## Brief:
Could you output the whole listing exactly as it stands, minus any images?

**** Materials provided

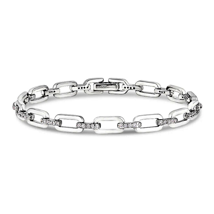 Bold links, subtle sparkle. This open link bracelet is crafted in platinum-bonded sterling silver, with sleek, high-polish links joined by connectors accented with cubic zirconia. The design gives just the right touch of shimmer while keeping its modern, versatile edge. A statement on its own or stacked with your other favorites, it’s the perfect blend of contemporary style and everyday wearability.
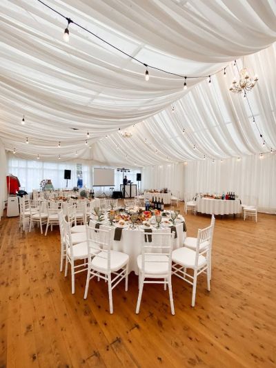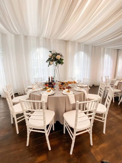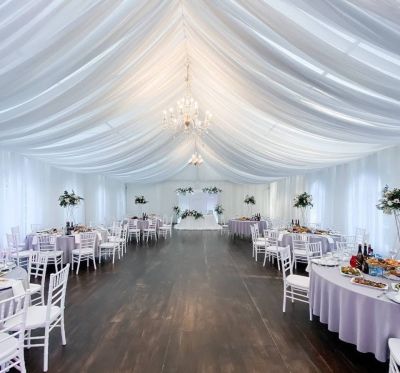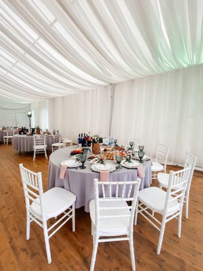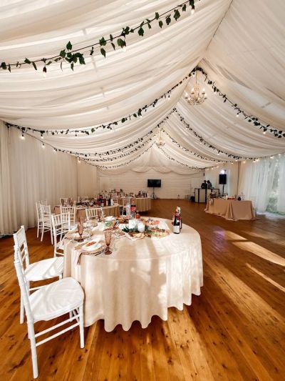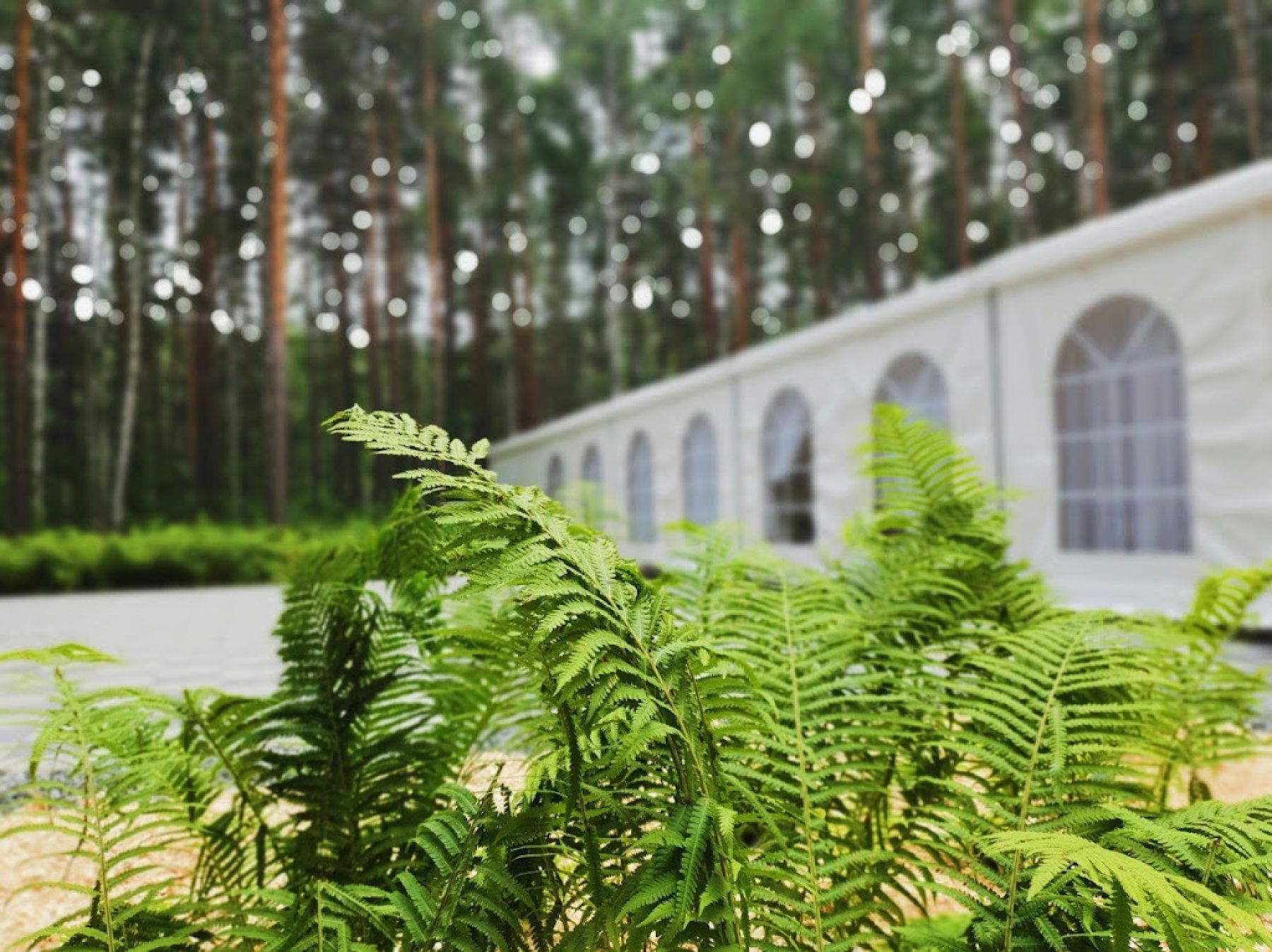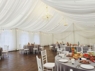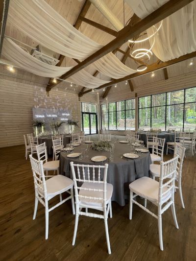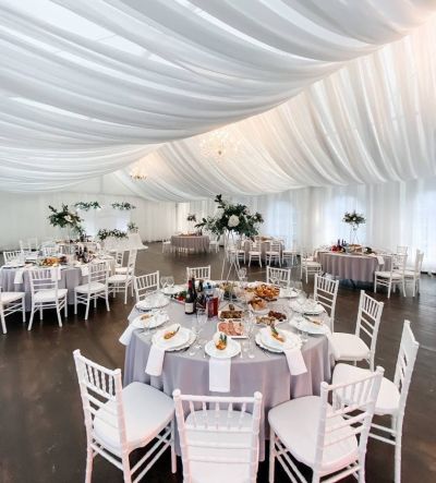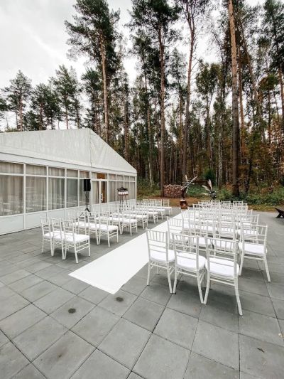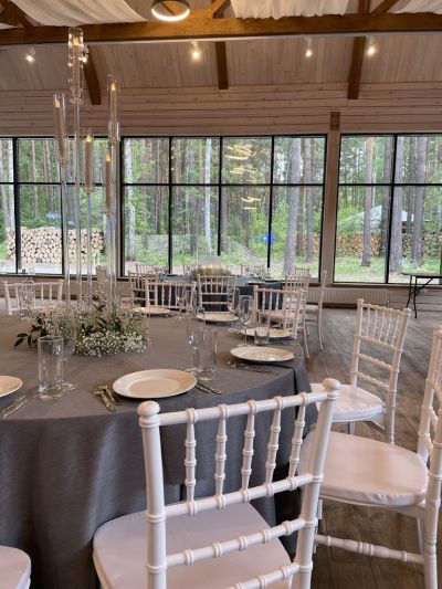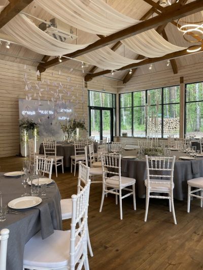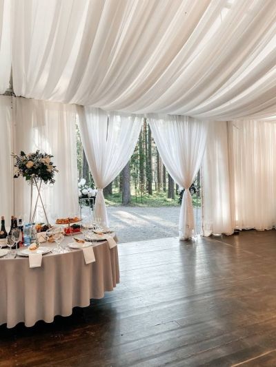 Первоклассный белоснежный шатер (250 кв. м.) с выходом в сосновый лес, подходящий для мероприятий различного формата.
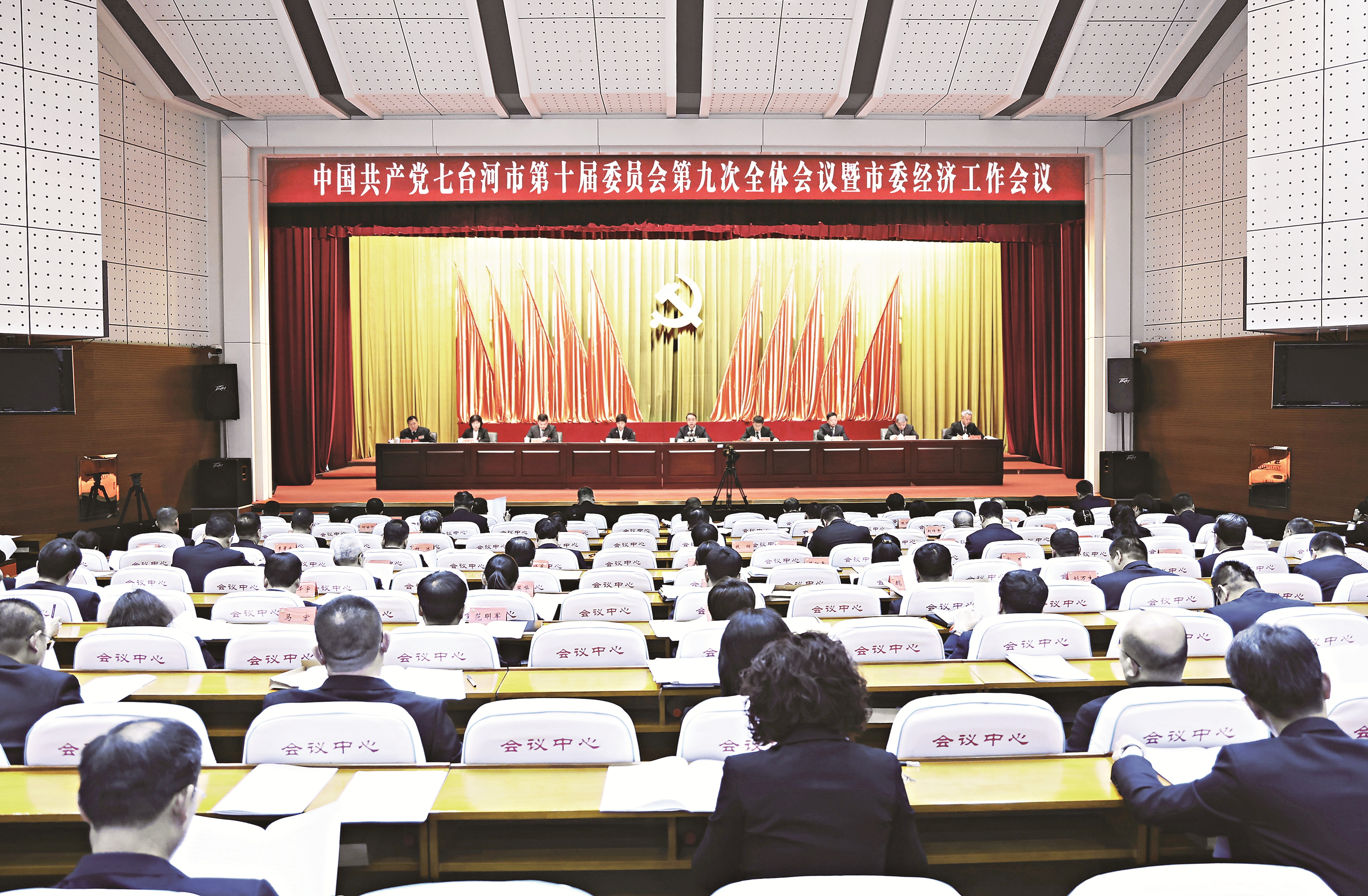 本报12月30日讯 (记者詹俊驰 梅中石)30日,市委十届九次全会暨市委经济工作会议在市党政会议中心召开。全会认真学习贯彻习近平总书记重要讲话重要指示精神,全面落实党的二十大和二十届历次全会、中央经济工作会议决策部署,深入贯彻省第十三次党代会和省委十三届历次全会部署要求,听取和讨论市委十届八次全会以来的工作和2026年全市经济工作安排,审议通过《中国共产党七台河市第十届委员会第九次全体会议决议》和市委常委会抓党的建设工作报告。市委书记陈延良受市委常委会委托向全会报告工作、部署2026年经济工作并讲话。市委副书记、市长张涛对贯彻全会精神、做好2026年经济工作作出安排。
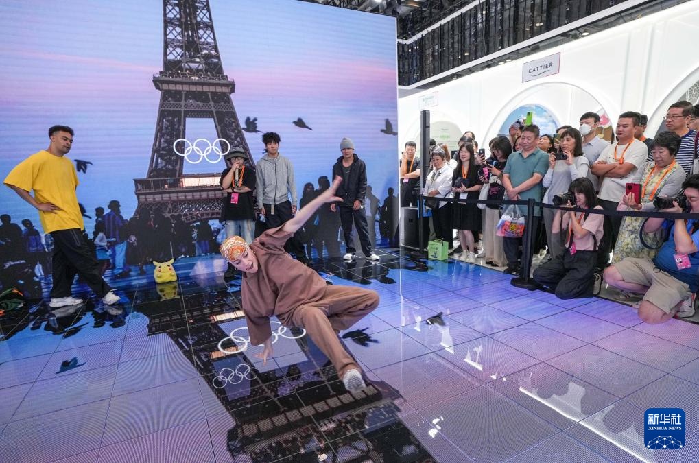 9月14日,在2024年服贸会国家会议中心综合展区的主宾国法国展台,中法两国街舞好手在表演霹雳舞。
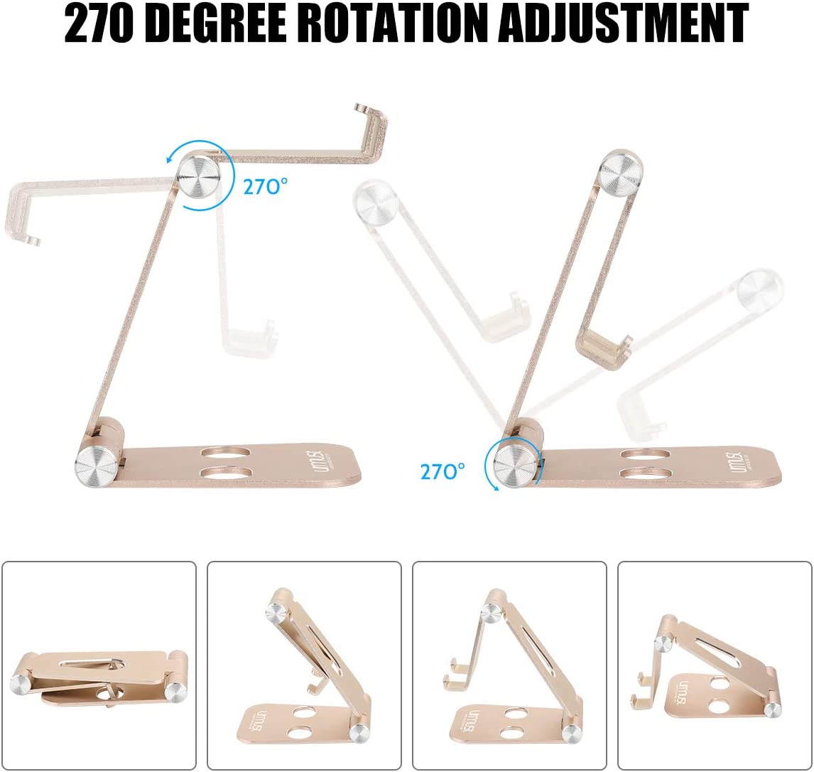 • ?【ADJUSTABLE & PORTABLE】: The phone holder is fully collapsible, Easy Carry. It can be easily adjusted to ideal position, free your hands, which is a good desk accessories while watching video, playing games, making phone call, viewing recipes, using Facetime.
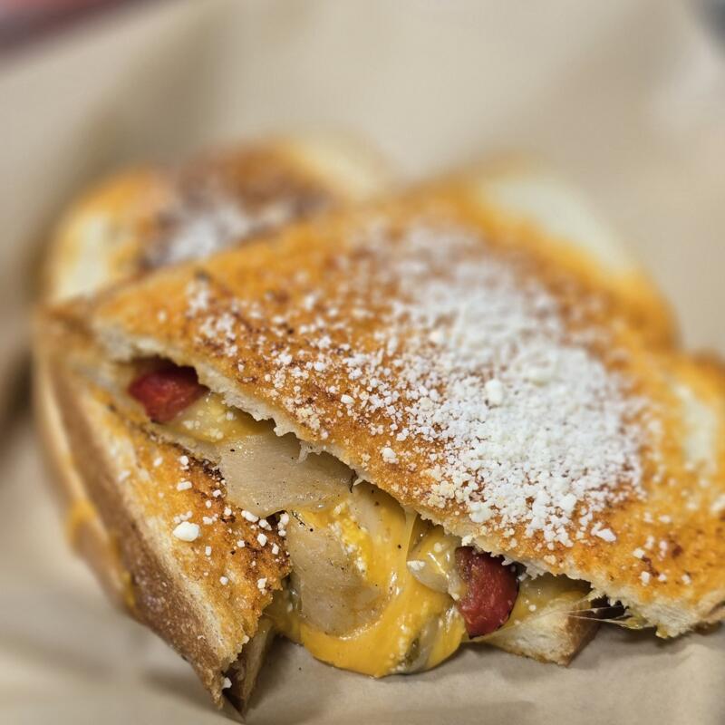 Cheesy mix of mascarpone, fontina, mozzarella, cheddar, and Jack with roasted red peppers, garlic, aioli, and spices on grilled Texas toast.

********

## Solution below:
 Bold links, subtle sparkle. This open link bracelet is crafted in platinum-bonded sterling silver, with sleek, high-polish links joined by connectors accented with cubic zirconia. The design gives just the right touch of shimmer while keeping its modern, versatile edge. A statement on its own or stacked with your other favorites, it’s the perfect blend of contemporary style and everyday wearability.
 Первоклассный белоснежный шатер (250 кв. м.) с выходом в сосновый лес, подходящий для мероприятий различного формата.
 本报12月30日讯 (记者詹俊驰 梅中石)30日,市委十届九次全会暨市委经济工作会议在市党政会议中心召开。全会认真学习贯彻习近平总书记重要讲话重要指示精神,全面落实党的二十大和二十届历次全会、中央经济工作会议决策部署,深入贯彻省第十三次党代会和省委十三届历次全会部署要求,听取和讨论市委十届八次全会以来的工作和2026年全市经济工作安排,审议通过《中国共产党七台河市第十届委员会第九次全体会议决议》和市委常委会抓党的建设工作报告。市委书记陈延良受市委常委会委托向全会报告工作、部署2026年经济工作并讲话。市委副书记、市长张涛对贯彻全会精神、做好2026年经济工作作出安排。
 9月14日,在2024年服贸会国家会议中心综合展区的主宾国法国展台,中法两国街舞好手在表演霹雳舞。
 • ?【ADJUSTABLE & PORTABLE】: The phone holder is fully collapsible, Easy Carry. It can be easily adjusted to ideal position, free your hands, which is a good desk accessories while watching video, playing games, making phone call, viewing recipes, using Facetime.
 Cheesy mix of mascarpone, fontina, mozzarella, cheddar, and Jack with roasted red peppers, garlic, aioli, and spices on grilled Texas toast.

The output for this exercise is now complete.